I find the biggest problem with health data is that it is captured by medical staff who are often under pressure to concentrate on giving care rather than doing admin (for which we should be grateful I guess). Gaps and errors are the result. Key facts are recorded but secondary data such as ethnicity which may shed useful light on some diseases is often left unrecorded.
However, the designers of medical data systems need to make these applications much more robust in terms of validation and much more like apps that are used daily outside of work where web style icons and contextual help are employed to speed up data entry.
In a post about sloppy statistics, you quote numbers without indicating the size of the total sample? Classy. I wonder if there are 20 million or 200,000 people in these data sets…
@Will – precisely
My instinct is that these will probably be an acceptable level of noise in a data set such as ‘all NHS patients’ but of course we don’t know unless we’re given the figures
The NHS is now split by country in the UK so this is probably looking at England (the largest population) or the whole UK combined. The NHS in England caters for ~52m people while the whole of the UK is ~62m.
However, we just don’t know because the total is not stated.

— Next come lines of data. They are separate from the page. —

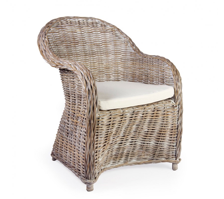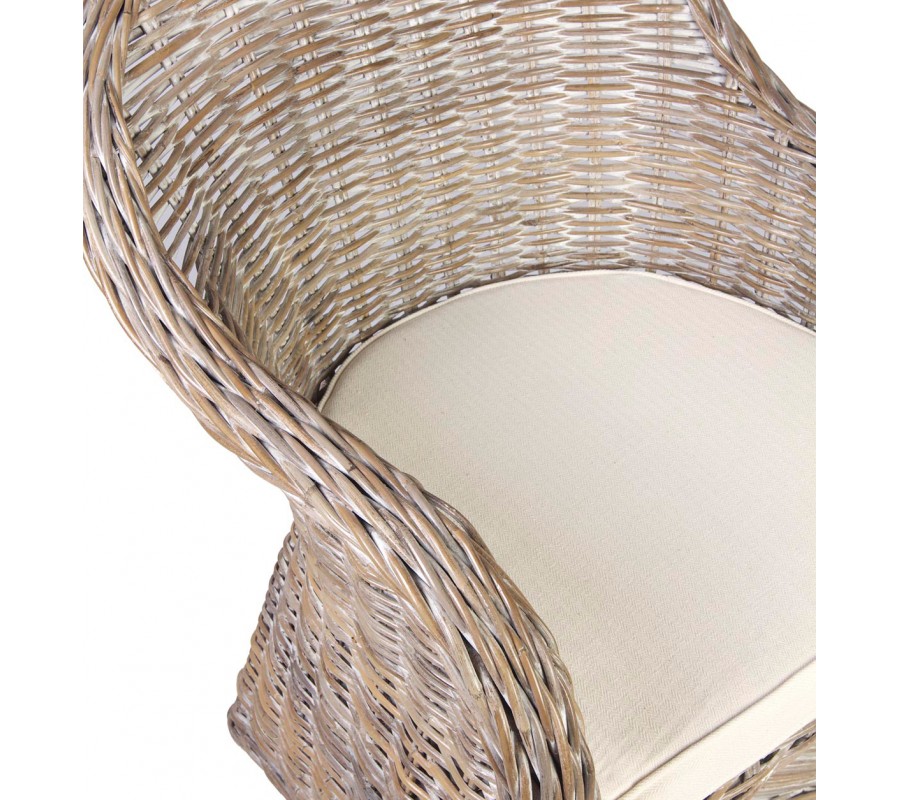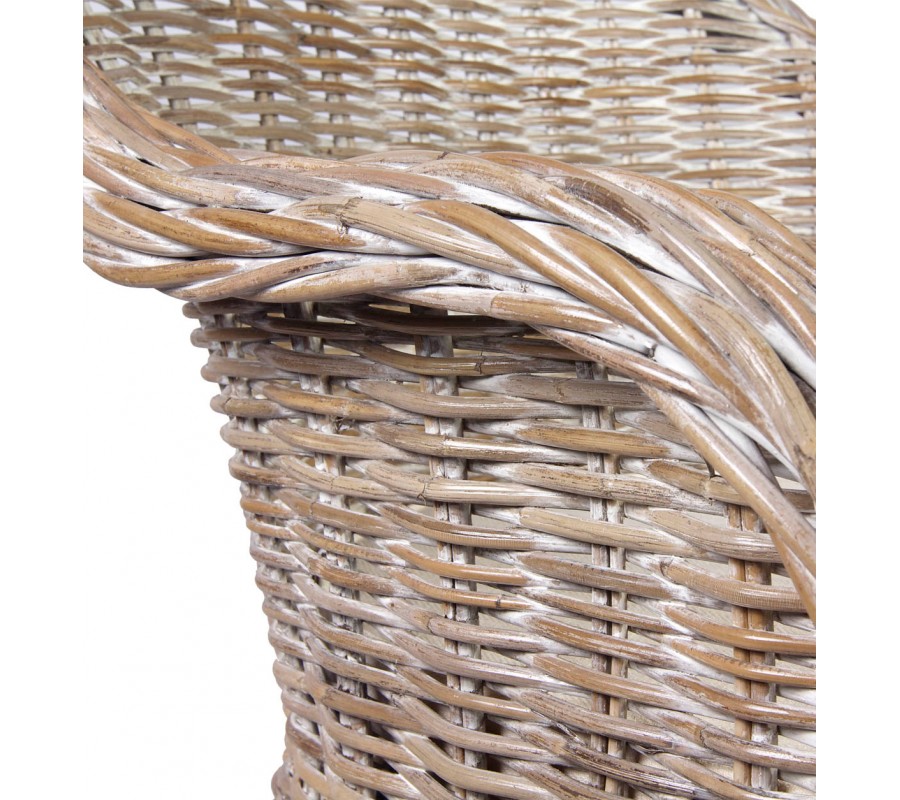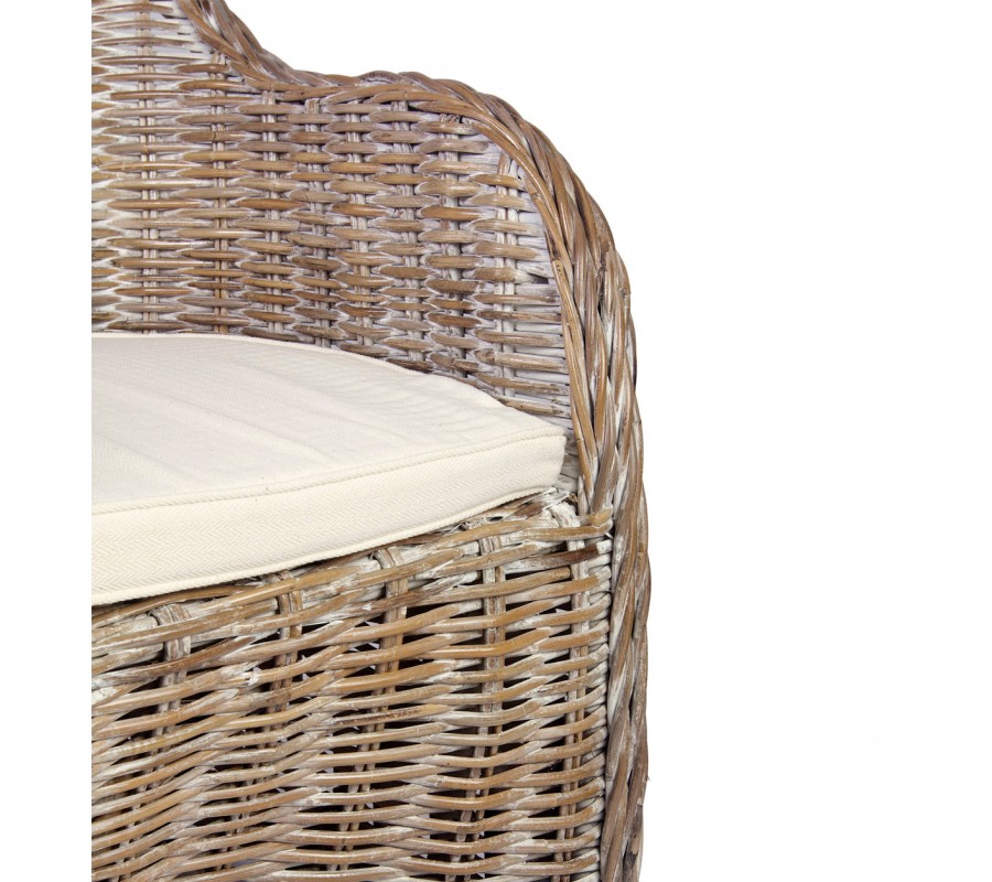 Multifunkčný kúsok v podobe ratanového kresla sa vynikajúco hodí na kryté terasy a do uzavretých zimných záhrad ladených do vidieckeho či jemne koloniálneho štýlu. Kreslo disponuje opierkami na ruky vyúsťujúcimi z ratanovej konštrukcie. Konštrukcia kresla Ruta je tvarovaná do neobyčajne štýlovej oblej siluety siahajúcej od operadla až po nožičky kresla. Svojou výškou sa bude hodiť aj do vašej jedálne k masívnejšeimu jedálenskému stolíku, kde ju pohodlne zasuniete a ušetríte tak priestor. Vyhotovenie z ratanu s bielou patinou, ktorá pôsobí ošúchaným dojmom ponúka viacero možností pri zariaďovaní vášho interiéru. Vďaka farebnému prevedeniu dokonale splynie s kúskami vo vidieckom štýle, nestratí sa však ani v koloniálne ladených obývačkách, uvítacích halách či predsieňach. Okrem univerzálnosti prináša kreslo Ruta aj pohodlie pri sedení vďaka hrubšiemu podsedáku v slonovinovej farbe. Poťah podsedáku je odnímateľný, a preto je údržba veľmi jednoduchá.
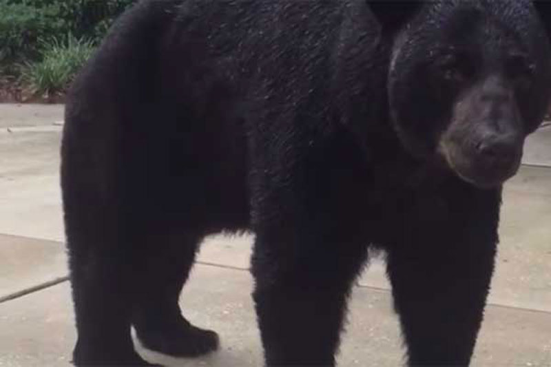 Teliece Sander, habitante del condado de Seminole en Florida, caminaba hacia la puerta de su casa con la vista fija en su teléfono cuando se encontró un visitante que la aterrorizó: se trataba de un oso de casi 140 kilogramos de peso.
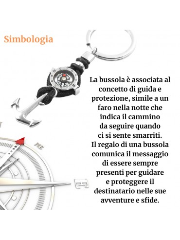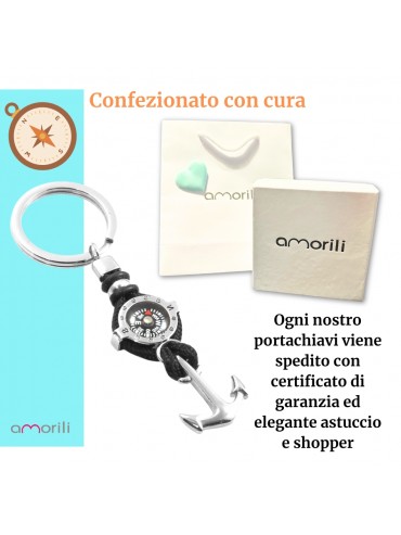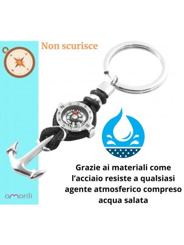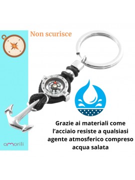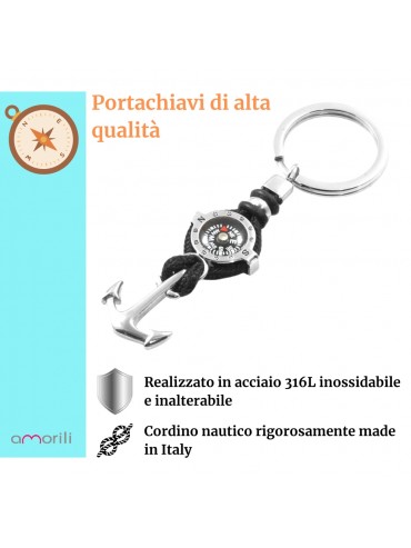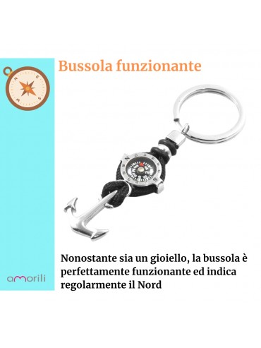 Portachiavi uomo con bussola e ancora marinara in acciaio e cordoncino nero lungo cm 8 lago max cm 3 prt0008

The same is true of vital registration statistics, in high- as well as low- and middle-income countries. There will be numerous cases of men coded as dying from cervical cancer, newborns of maternal causes, and so on. There are also cases where the age at death and cause of death are implausible – for example, four-year-olds dying of conditions that often take many years to manifest themselves, like lung cancer.
My husband actually was one of those men admitted to an obstetric ward! He had surgery to have tonsils and adenoids out and to widen his nasal passages. Due to other medical issues he had to stay overnight post-surgery for recovery. There was no other rooms available in the hospital…so they admitted him to the obstetrics floor.
So some of those “pregnant men” actually may represent issues of crowding rather than errors in documentation.
“The government are very keen on amassing statistics. They collect them, add them, raise them to the nth power, take the cube root and prepare wonderful diagrams. But you must never forget that every one of these figures comes in the first instance from the village watchman, who just puts down what he damn pleases.” – Sir Josiah Stamp
So men being admitted to obstetric wards is part of a dark government conspiracy? :-/
Every dataset has some error. The difficulty come with accurately estimating the error and attributing error to different sources.
Thus, rather than cause to criticize this dataset, having clear “errors” like (adult) men being admitted to obstetric wards could offer the ability to estimate the overall error in the dataset.
True, but also, between the comments on the original article and AKDB’s comment here, I think we’ve pretty much established that a man being admitted to an obstetric ward can’t just be assumed to be a coding error.
The stats are from HES http://www.hesonline.nhs.uk and relate, in the first instance to the specialty of the clinician, rather than the function they are performing, the latter set I’m guessing mainly relates to male babies.
The byline on this article about faulty data reads: Nigel Hawkes :: Fri, 06/04/2012 – 08:24
For the record, today is Friday, 18 May, 2012.
Now if you all will excuse me, I’m going to go find out who wins this weekend’s Preakness Stakes.
Are you referring to the date? If so, I believe they mean 6-APR-2012.